Cardiac hypertrophy is a process wherein an increase in mass occurs in response to augmented global or regional chamber work largely as a consequence of an increase in the size of terminally differentiated cardiomyocytes. It has been known for some time that stretch can lead to an increase in protein synthesis in cardiac muscle.1 The mechanism(s) by which this physical stimulus is converted to biochemical events that lead to a change in the cardiac phenotype is poorly understood.2 3
It has been shown that in neonatal cardiac myocytes mechanical deformation can activate a number of intracellular second messengers and in particular the inositol phosphate–PKC (phospholipase C) pathway.4 5 6 Cardiac myocytes and fibroblasts possess G protein–coupled AT1 receptors for Ang II that activate multiple intracellular signaling pathways. After binding of Ang II to its specific receptor, the signal is transduced by a specific heterotrimeric G protein (Gq), which undergoes dissociation to the GTP-bound Gαq subunit. Gαq subsequently activates the effector enzyme phosphoinositide-specific phospholipase Cβ, which is bound to the cytoplasmic face of the plasma membrane and hydrolyzes the plasma membrane lipid, phosphatidyl inositol 4,5-bisphosphate. This process generates two biologically active intracellular messengers, DAG and IP3. DAG activates phospholipid-dependent PKC, a potent mediator of transcriptional regulation and hypertrophy in a variety of cell types, and IP3, which in part maintains cellular Ca2+ homeostasis by releasing Ca2+ from endoplasmic reticulum stores. Although the cardiomyocyte sarcoplasmic reticulum contains IP3 receptors, the role of this polyphosphate in cardiac excitation-contraction coupling is uncertain.

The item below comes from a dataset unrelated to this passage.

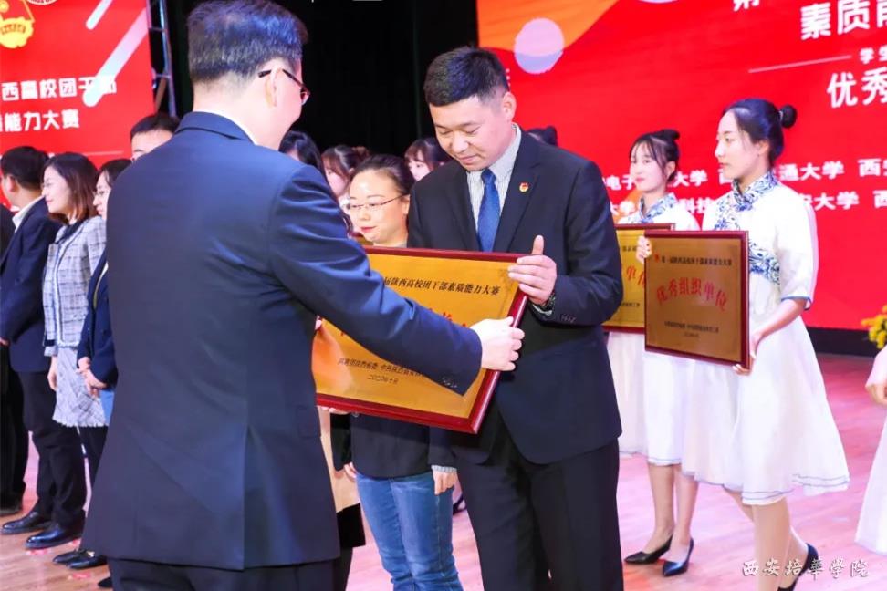 团陕西省委书记段小龙,陕西省青联副主席、西安培华学院理事长姜波为优秀组织单位颁奖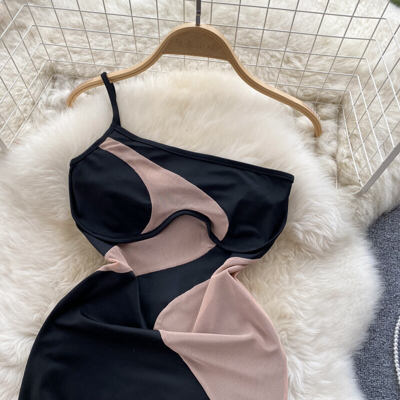 ピュアデザイストスタイルデザインセンスニッチヒットカラーワンショルダーワンピース夏新作ウエスト痩身バッグヒップスカート サマー 夏物 lyxaj32682123491

PKC isoenzyme expression has been characterized in cardiomyocytes,7 8 9 vascular smooth muscle,10 11 endothelium,12 and platelets.13 Presently, 11 isoenzymes of PKC have been identified, and their cDNAs have been cloned from different tissues and cell lines. The isoenzymes are classified into three subfamilies: conventional PKCs (α, β1/β2, and γ, Ca2+ dependent), novel PKCs (δ, ε, η, and θ, Ca2+ independent), and atypical PKCs (ζ, λ/ι, and μ, which do not bind or respond to phorbol esters). Recent observations suggest that PKC may participate in neonatal myocyte growth in response to mechanical stretch, which stimulates cells to hypertrophy.4
The tumor-promoting drug PMA can replace DAG as an activator of conventional and novel PKC isozymes and has been used to evaluate the role of PKC isozymes in cell functions.14 Activation of PKC isozymes by PMA or hormones that activate DAG causes translocation of PKC from the cytosol to a particulate cell fraction, where the kinase regulates the activity of a number of proteins by phosphorylation. It has been shown that phosphorylation of substrates by PKC modulates Ca2+ and other ion levels, produces inotropic and chronotropic effects, alters gene expression, and induces secretion of cardiac growth factors and hypertrophy.9
Whether and to what extent mechanical deformation activates the phospholipase C pathway in the adult LV is unknown. We designed the present study to test the hypothesis that pathophysiological levels of mechanical stretch of the adult guinea pig LV can activate this ubiquitous bifurcated cell signaling pathway by an Ang II–dependent mechanism.
Materials and Methods
Myo-[1,2-3H]inositol (45.6 Ci/nmol) was obtained from Dupont/NEN. Ang II, PMA, and PDD were purchased from Sigma Chemical Co. Enalaprilat and losartan were obtained from Merck Pharmaceutical Co.
Polyclonal anti-PKC antibodies, which recognize C-terminal amino acids 313 to 326 of PKCα, 726 to 737 of PKCε, and 577 to 592 of PKCζ, and respective inhibitory peptides were purchased from Life Technologies. Alkaline phosphatase immunoblot developing and chemiluminescence immunoblot developing systems were from Bio-Rad. All other chemicals and reagents were purchased from Fisher Scientific Corp.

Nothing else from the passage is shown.